Chapter 5 of the Python NLTK book gives this example of tagging words in a sentence:

>>> text = nltk.word_tokenize("And now for something completely different")
>>> nltk.pos_tag(text)
[('And', 'CC'), ('now', 'RB'), ('for', 'IN'), ('something', 'NN'), ('completely', 'RB'), ('different', 'JJ')]

nltk.pos_tag calls the default tagger, which uses a full set of tags. Later in the chapter a simplified set of tags is introduced.

How can I tag sentences with this simplified set of part-of-speech tags?

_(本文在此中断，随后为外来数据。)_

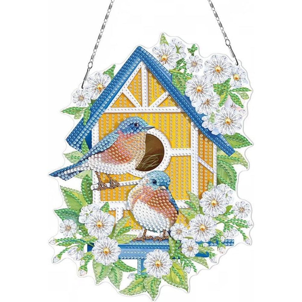 Colgante de Puerta Diamond Painting 5D con Casa de Pájaros Reversible

Also have I understood the tagger correctly, i.e. can I change the tag set that the tagger uses as I'm asking, or should I map the tags it returns on to the simplified set, or should I create a new tagger from a new, simply-tagged corpus?

分享到QQ

分享到微博

如果你对这篇内容有疑问，欢迎到本站社区发帖提问参与讨论，获取更多帮助，或者扫码二维码加入 Web 技术交流群。

发布评论

需要登录才能够评论，你可以免费注册一个本站的账号。

假装爱人 2024-11-10 22:51:05

已更新，以防有人遇到同样的问题。此后，NLTK 已升级为“通用”标记集，来源此处。标记文本后，请使用 map_tag 来简化标记。

import nltk
from nltk.tag import pos_tag, map_tag

text = nltk.word_tokenize("And now for something completely different")
posTagged = pos_tag(text)
simplifiedTags = [(word, map_tag('en-ptb', 'universal', tag)) for word, tag in posTagged]
print(simplifiedTags)
# [('And', u'CONJ'), ('now', u'ADV'), ('for', u'ADP'), ('something', u'NOUN'), ('completely', u'ADV'), ('different', u'ADJ')]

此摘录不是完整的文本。